Qu'il s'agisse de Gübelin, Kronometry1999, Westime ou encore Chronométrie Piguet à Gstaad, on s'accorde sur un point: il est plus facile de déplacer les personnes que les collections, les salons mondiaux de l'horlogerie ont donc toute leur légitimité. «C'est le seul moment ou nous pouvons voir et toucher les pièces» insiste la directrice de ce dernier point de vente, Laetitia Boni, qui ne se rend pas non plus ailleurs qu'au SIHH ou à Baselworld.
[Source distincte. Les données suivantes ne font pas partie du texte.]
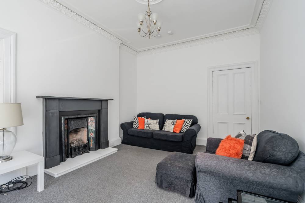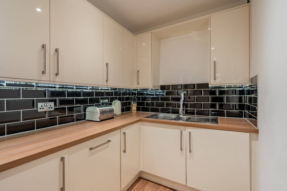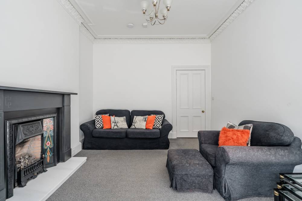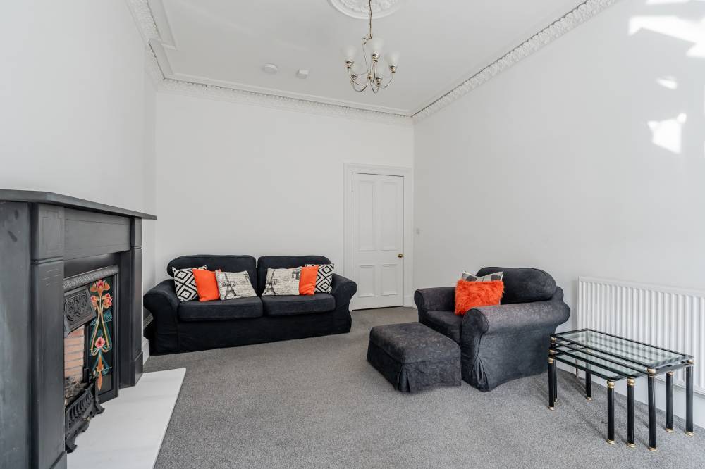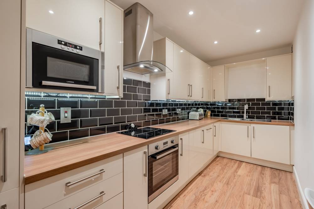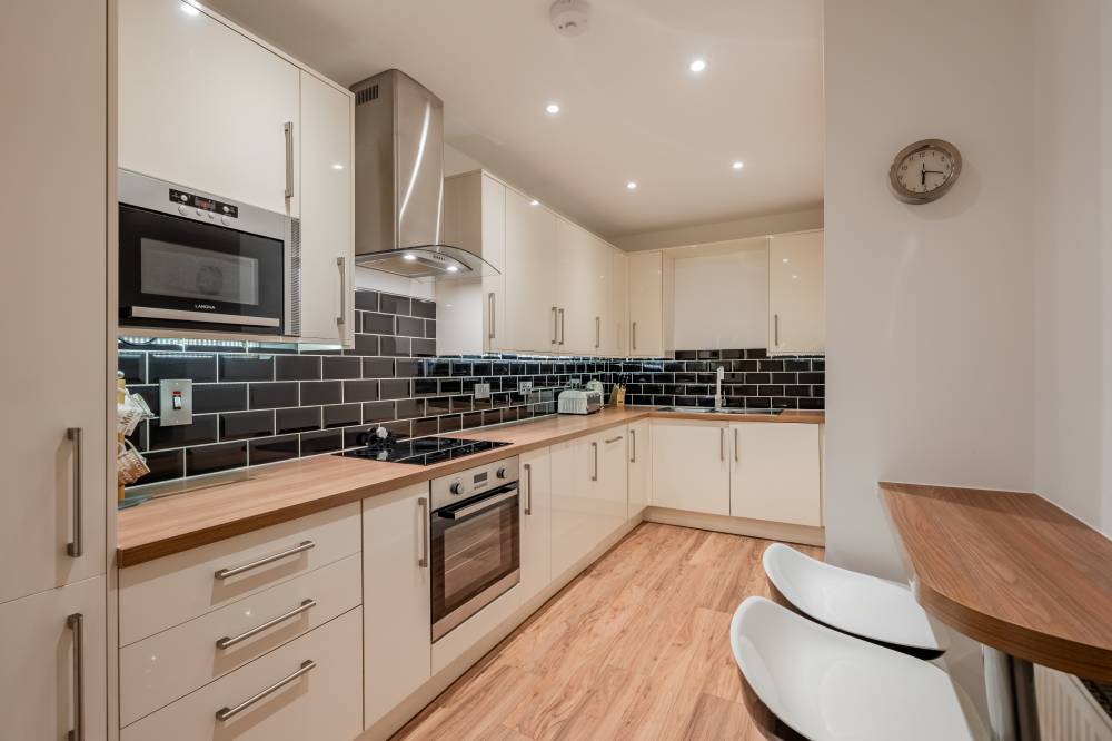 The accommodation is accessed via a welcoming hallway which provides useful storage provisions and access to all rooms. To the front of the property is an impressive bay-windowed reception room, filled with natural light and showcasing attractive original features including ornate cornicing, a decorative ceiling rose and an elegant fireplace. Soft carpeted flooring completes this inviting living space. The stylish kitchen is well equipped with an excellent range of contemporary wall and base units, complemented by a breakfast bar ideal for casual dining. Black subway tiling adds a modern edge to the splashback areas, while integrated appliances include a hob, oven, fridge freezer, dishwasher and washer/dryer, ensuring a sleek and functional finish. There are two well-presented double bedrooms, both enjoying a peaceful rear-facing aspect away from the main street, providing calm and comfortable accommodation. The bathroom is fitted with a white three-piece suite, featuring a shower over the bath and tiled surrounds.
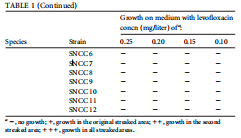 試驗(yàn)細(xì)菌在含有不同濃度左氧氟沙星的基礎(chǔ)培養(yǎng)基上的生長(zhǎng)
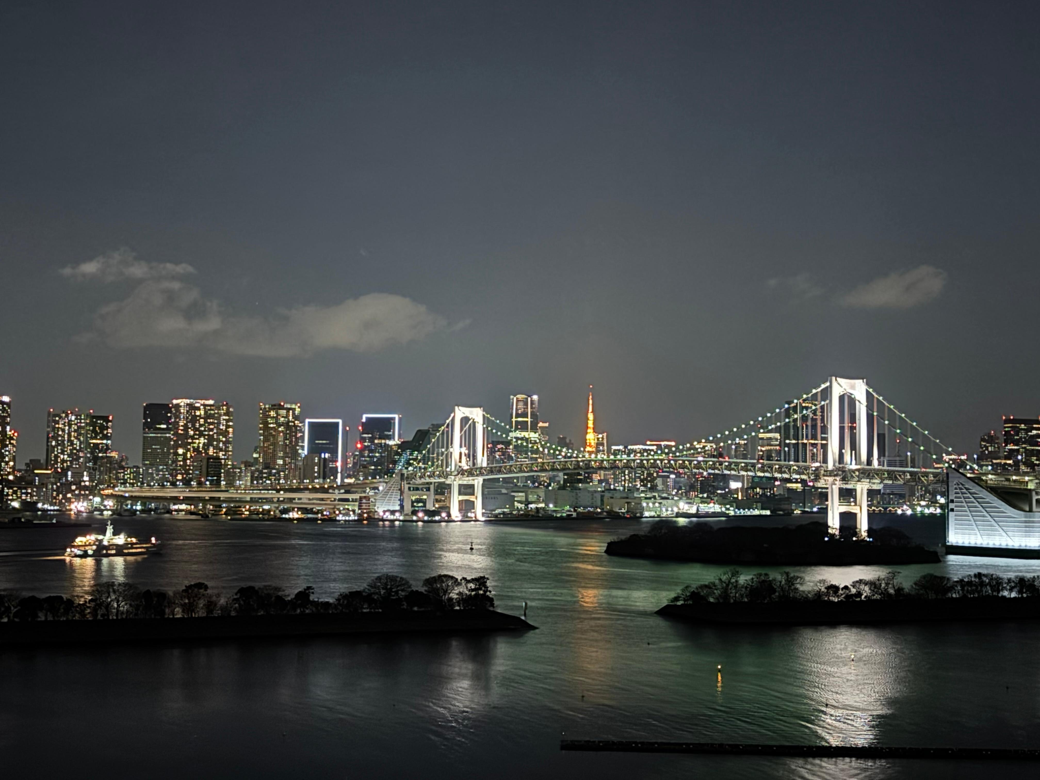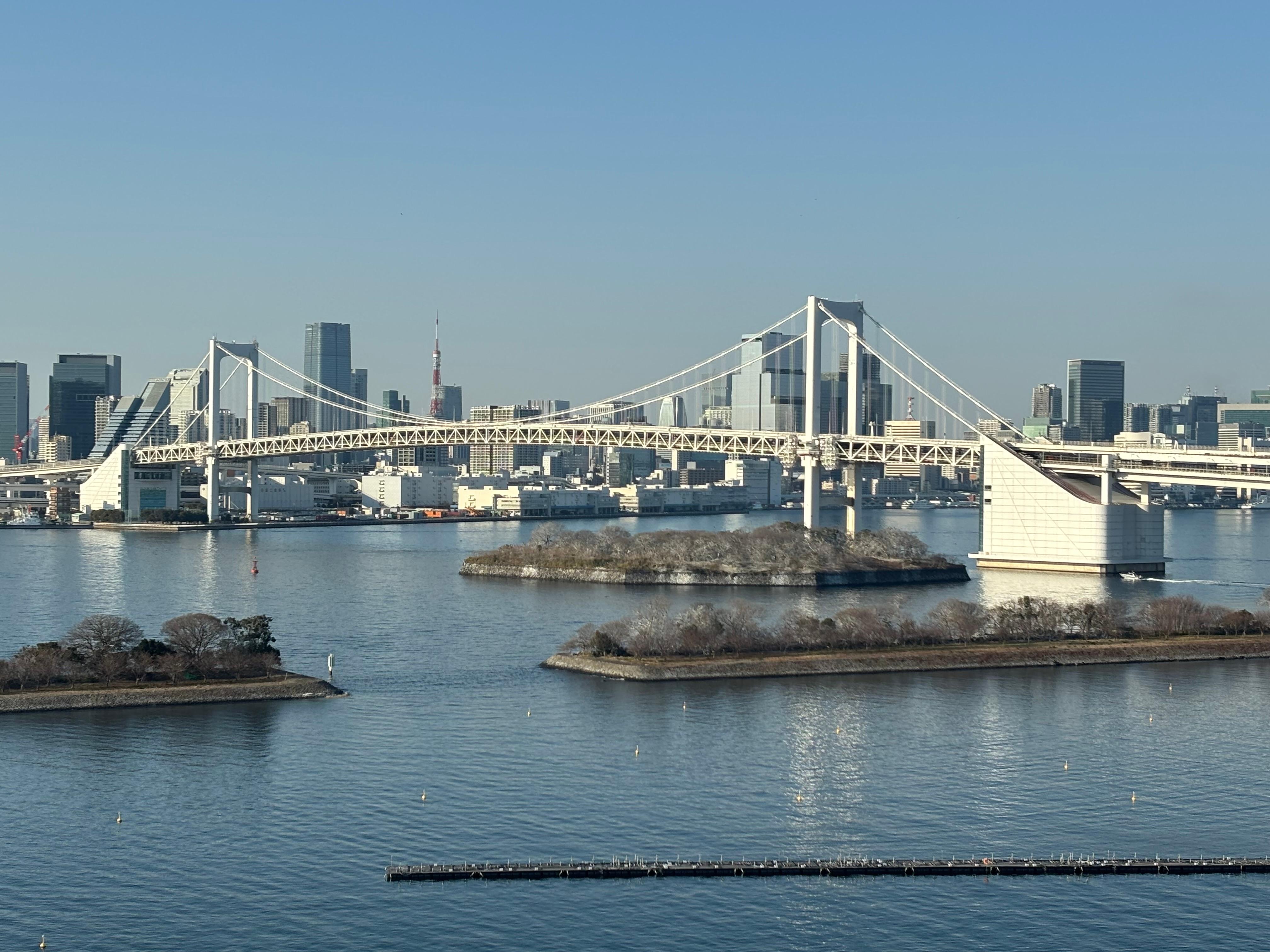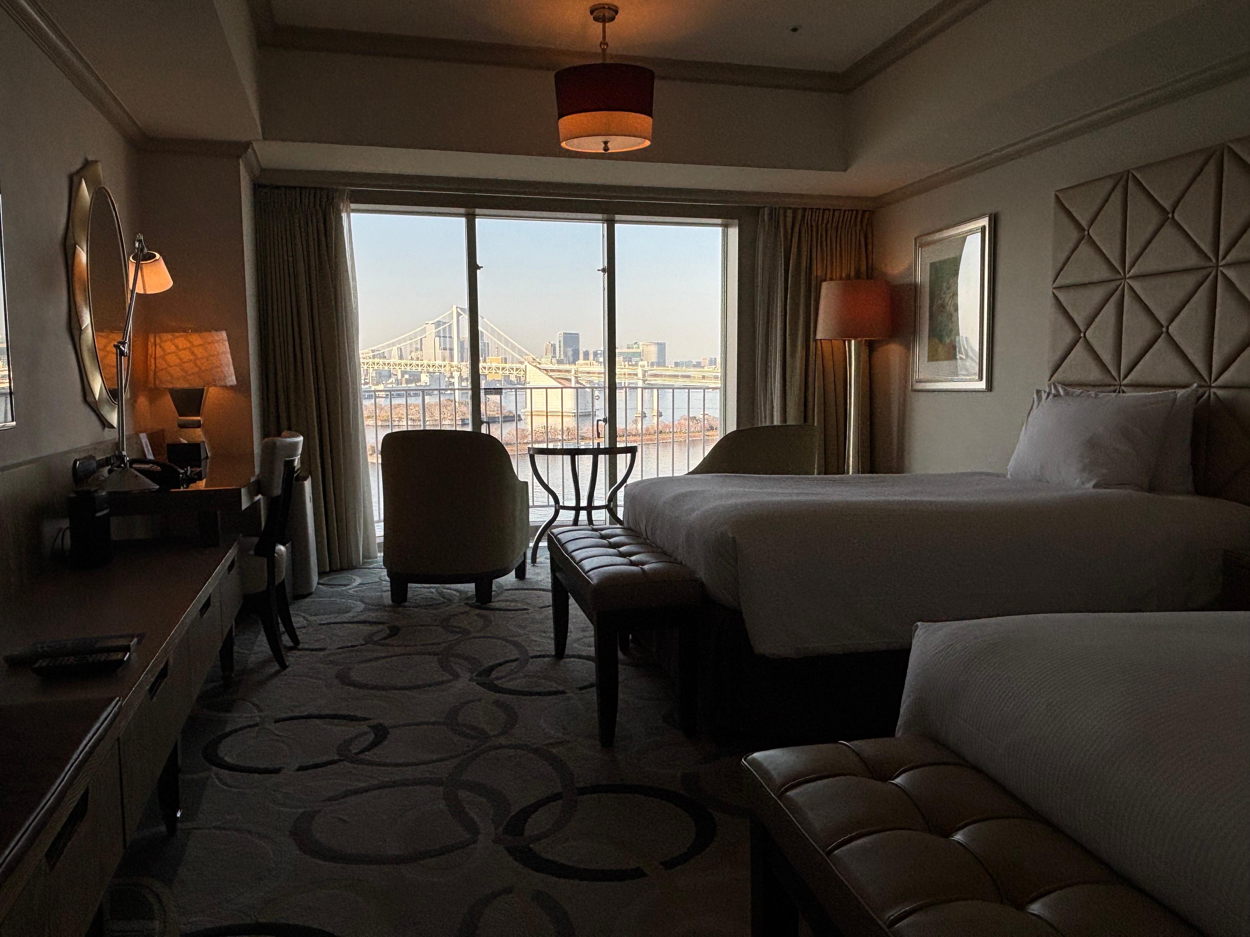 客房大小不錯,這次三人入住能一次能打開三個行李箱;房間有陽台能直接看得到彩虹橋的景觀很不錯;位置在東京算是比較不紛亂的地區,但海鷗線就在門口能快速到新橋,然後到東京其他繁華的地方;員工語言沒問題,服務的態度也不錯。唯一給人較差的地方是飯店地毯感覺老舊,有種沒清乾淨的感覺。
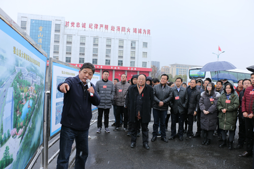 12月28日上午,瑞雪轻舞,出席县政协十届三次会议的政协委员们在会议间隙,视察观摩了全县城市建设暨工业经济发展情况。县领导李志刚、纪昌国、廖华、郭群英、彭光存、方庆林等参加视察。
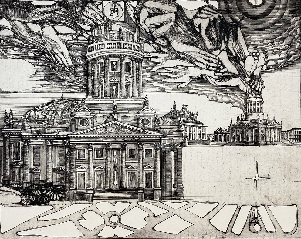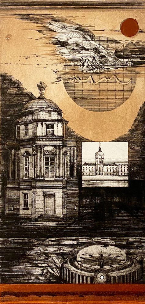 Der Berliner Maler und Grafiker Rolf Curt (1931-2006) entschied sich schon früh für die Malerei und die Druckgrafik als die beiden Hauptgebiete seiner künstlerischen Tätigkeit. In Radierungen arrangiert Curt bekannte Stadtansichten zu neuen visuellen Eindrücken. So bindet er markante Berliner Gebäude und Plätze in urbane Szenerien mit einer ebenso wirklichen wie unwirklichen Anmutung ein und fügt bisweilen anspielungsreich surreale Elemente hinzu. Mit dem Realen und Rätselhaften spielt der Künstler auch in seinen Gemälden aus den 1970er Jahren, die in der Ausstellung zu sehen sind. Die Welt wird in diesen Bildern zur Bühne, auf der Curt in perfekter altmeisterlicher Malweise Traum und Wirklichkeit, Unheimliches und Vertrautes ineinander verschränkt.
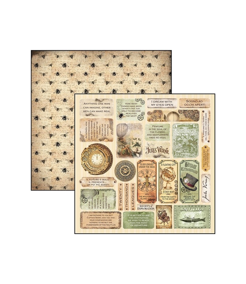 Feuille de papier double face (2 motifs) sans acide collection Voyage Extraordinaire de Jules Verne de Ciao Bella.
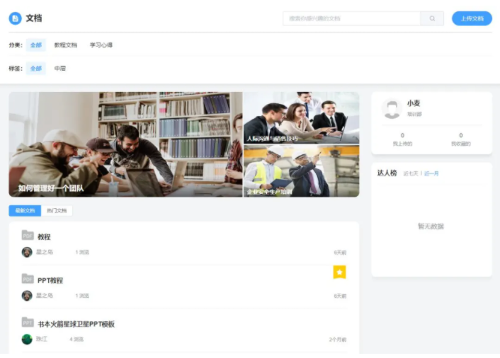 員工可在“文檔”板塊上傳有價(jià)值的文檔資料,支持pdf/doc/docx/ppt/pptx/xls/xlsx文件格式,多種文檔格式滿足知識(shí)共享。企業(yè)通過(guò)這個(gè)板塊建立了流動(dòng)的企業(yè)知識(shí)庫(kù),同時(shí)上傳的文檔均由管理者審核通過(guò),規(guī)范知識(shí)庫(kù)管理,保證了文檔的質(zhì)量,打造一個(gè)有料有趣的知識(shí)庫(kù)。
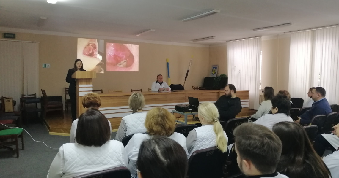 На кафедрі післядипломної освіти лікарів-стоматологів відбулася клінічна конференція, на якій лікарі - інтерни представили 10 доповідей про складні клінічні випадки, що викликають проблеми в діагностиці та лікуванні на прийомі. Особливу цікавість викликали презентації лікарів- інтернів Хлєбутіна Віталія, Авєтікова Георгія, Чеботарьової Єлизавети, Саприкіної Марини. Професор Таїсія Скрипнікова звернулася зі словами заохочення та подяки за проведену роботу до лікарів-інтернів і їхніх викладачів - керівників науковими роботами.
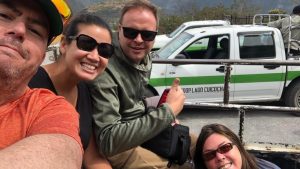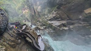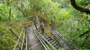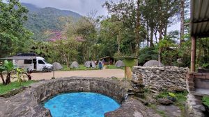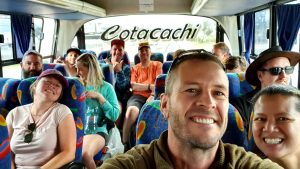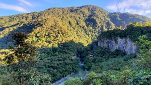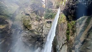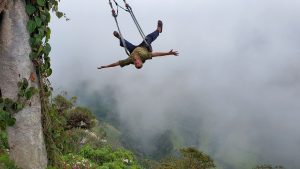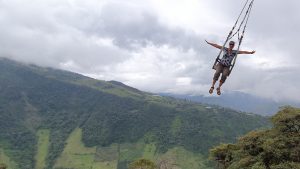 After breakfast, took a bus into town for the Virgin thermal springs. Ate lunch and met up with part of the group at “La Casa del Arbol”, the famous swing in Banos. Rode an ute back to our campsite and hiked to Machay waterfall. Becky’s cook group (cook group 2) made lasagna for dinner. O/n at Pequeño Paraiso.
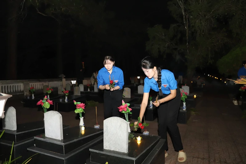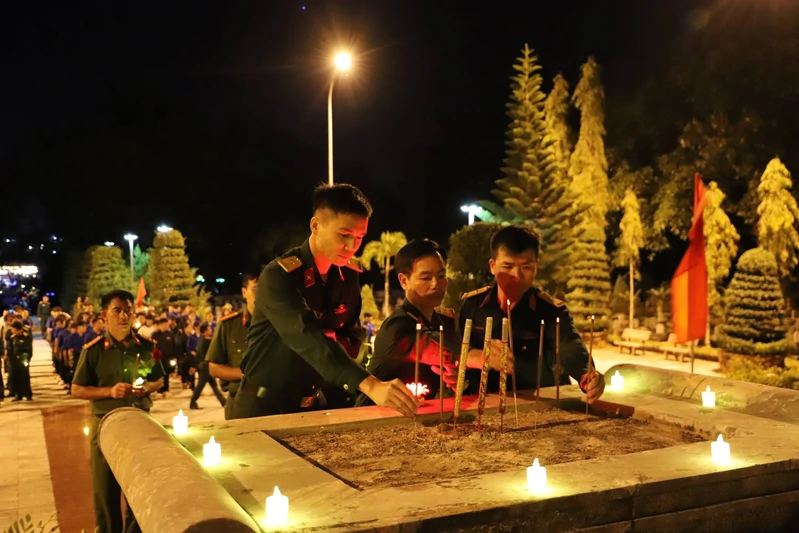 Trong không khí trang nghiêm, thành kính, đại diện cấp ủy, chính quyền địa phương, cán bộ, chiến sĩ LLVT tỉnh và Nhân dân đã dành phút mặc niệm tưởng nhớ các anh hùng liệt sĩ; thành kính dâng hương, thắp sáng hàng nghìn ngọn nến tri ân và đặt những đóa hoa hồng tươi thắm lên từng phần mộ. Ánh nến lung linh hòa quyện cùng sắc hoa đỏ thắm là thông điệp của lòng biết ơn, thể hiện đạo lý “Uống nước nhớ nguồn”, tri ân vô hạn đối với những người con ưu tú của dân tộc đã anh dũng hy sinh vì độc lập, tự do của Tổ quốc, vì hạnh phúc của Nhân dân.
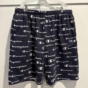 Champion Shorts Mens 2XLT Navy Blue All Over Print Logo Athletic Big Tall

Le rendez-vous bâlois s'avère être son préféré, moins «hautain» et plus convivial que celui du bout du lac qui se considère «comme une élite», sans compter qu'«il est difficile de se libérer en janvier et nous n'avons pas le recul sur les ventes des Fêtes de fin d'année». Last but not least, «Nous n'avons pas encore reçu toutes les nouveautés de l'année précédente qu'il faut déjà commander les suivantes». Comme tous les autres, la professionnelle de la distribution considère que le deuxième atout des salons consiste à pouvoir dialoguer avec les marques, même si d'autres rencontres jalonnent l'année.


Défricheurs

Dernière tendance, les défricheurs. Denis Asch, fondateur de l'Heure Asch à Genève, a beau arpenter les halles de la Messe depuis 20 ans et celle de Palexpo depuis 10 ans, il trouve indispensable de découvrir les nouvelles marques présentes au GTE, même s'il souhaiterait moins de dispersion entre les différents sites d'exposition. Dans l'ensemble, il rejoint ses collègues sur la qualité de l'accueil:» Les professionnels sont toujours très agréablement reçus, la logistique et l'organisation sont bien huilées», mais il déplore cependant les prix largement exagérés des hôteliers rhénans «pour ceux qui ont eu la chance de trouver une chambre à moins de 100 kms du centre de Bâle.»

Alors, quelle solution adopter? Faut-il vraiment comme le suggère John Simonian «Un salon majeur par continent pour les marchés concernés»? Ou plus clairement définir les salons pour les professionnels et ceux qui se destinent au public? Comme d'habitude, chacun fera son choix, et le marché aura le dernier mot.